Merck KGaA’s $70 million bet on a treatment for a rare, locally aggressive cancer has delivered a phase 3 win. The tenosynovial giant cell tumor (TGCT) trial hit its primary endpoint, teeing up an option decision that could establish Merck as a global rival to Daiichi Sankyo and Ono Pharmaceutical in the indication.
The phase 3 trial tested CSF-1R inhibitor pimicotinib. Daiichi showed the mechanism can work in TGCT years ago, publishing phase 3 data in 2018 and winning FDA approval for Turalio the next year, but Merck identified a gap for another drug in the class. The German drugmaker paid Abbisko Therapeutics $70 million upfront for rights to pimicotinib in greater China and an option in the rest of the world last year.
Merck published phase 3 data on Tuesday. Investigators in China, Europe and North America randomized 94 people with TGCT to take pimicotinib or placebo. After 25 weeks of daily oral dosing, 54% of people on pimicotinib had responded, compared to 3.2% of their counterparts on placebo.
The result caused the study to hit its primary endpoint and suggests pimicotinib is competitive. Daiichi won approval for Turalio on the strength of a 120-patient study that reported response rates of 39% for the study drug and 0% for placebo at Week 25.
Merck reported statistically significant improvements in stiffness and pain. On the stiffness scale, Merck saw a 3.0 reduction in the pimicotinib group and a 0.57 dip in the placebo cohort. The figures for Turalio and placebo were 2.5 and 0.3, respectively, in Daiichi’s trial. More people on Turalio than placebo had a 30% or greater decrease in pain in Daiichi’s trial, but the difference fell short of statistical significance.
There were differences between the pimicotinib and Turalio trials that could confound comparisons of the data. Chinese sites enrolled almost half the patients in the pimicotinib trial. U.S. and Canadian sites enrolled 22% of the patients between them. The Turalio trial only activated sites in Australia, Europe and North America, and the U.S. dominated. Two-thirds of patients took pimicotinib, versus half for Turalio.
It is possible Merck will avoid a direct confrontation with Turalio. Daiichi’s drug is only approved in the U.S. As it stands, Merck only has the rights to pimicotinib in the Chinese mainland, Hong Kong, Macau and Taiwan. Deciphera Pharmaceuticals, a wholly owned subsidiary of Ono, has filed for approval of vimseltinib, another CSF-1R inhibitor, in the U.S. and Europe, but Merck could be first to market in China.
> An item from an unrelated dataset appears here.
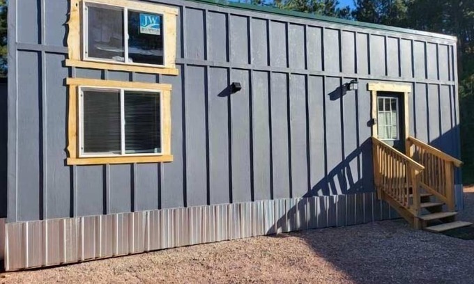 Welcome to the Black Hills! This charming, rustic tiny home nestled in nature, boasting a cozy one-bedroom layout with a loft for additional space or the littles (loft has weight limit of 500 lbs) awaits you! The kitchen is equipped with all the essentials. You'll find modern amenities like TVs, hvac and reliable WiFi, ensuring comfort and convenience in this quaint retreat. Memories are sure to be created here for years to come. This has 4-5 steps to enter.

Merck is preparing to share the phase 3 data with regulators in China but is yet to say whether it will take up its option on pimicotinib in the rest of the world. Competition could be more intense in Europe and, in particular, the U.S. TGCT is rare, with an estimated global incidence of 43 cases per 1 million people, and the clear edge pimicotinib had in phase 1, when the response rate was 88%, eroded in phase 3.
Safety and tolerability is one area in which the challengers could differentiate themselves from Turalio. The FDA slapped a boxed warning on Turalio after Daiichi saw liver toxicity in phase 3. There was no evidence of cholestatic hepatotoxicity or drug-induced liver injury in the phase 3 vimseltinib trial.
Similarly, Merck reported no evidence of cholestatic hepatotoxicity in its phase 3 study. The drugmaker said pimicotinib was well tolerated. One patient stopped treatment after a treatment-emergent adverse event (TEAE). Five patients moved to a lower dose because of a TEAE.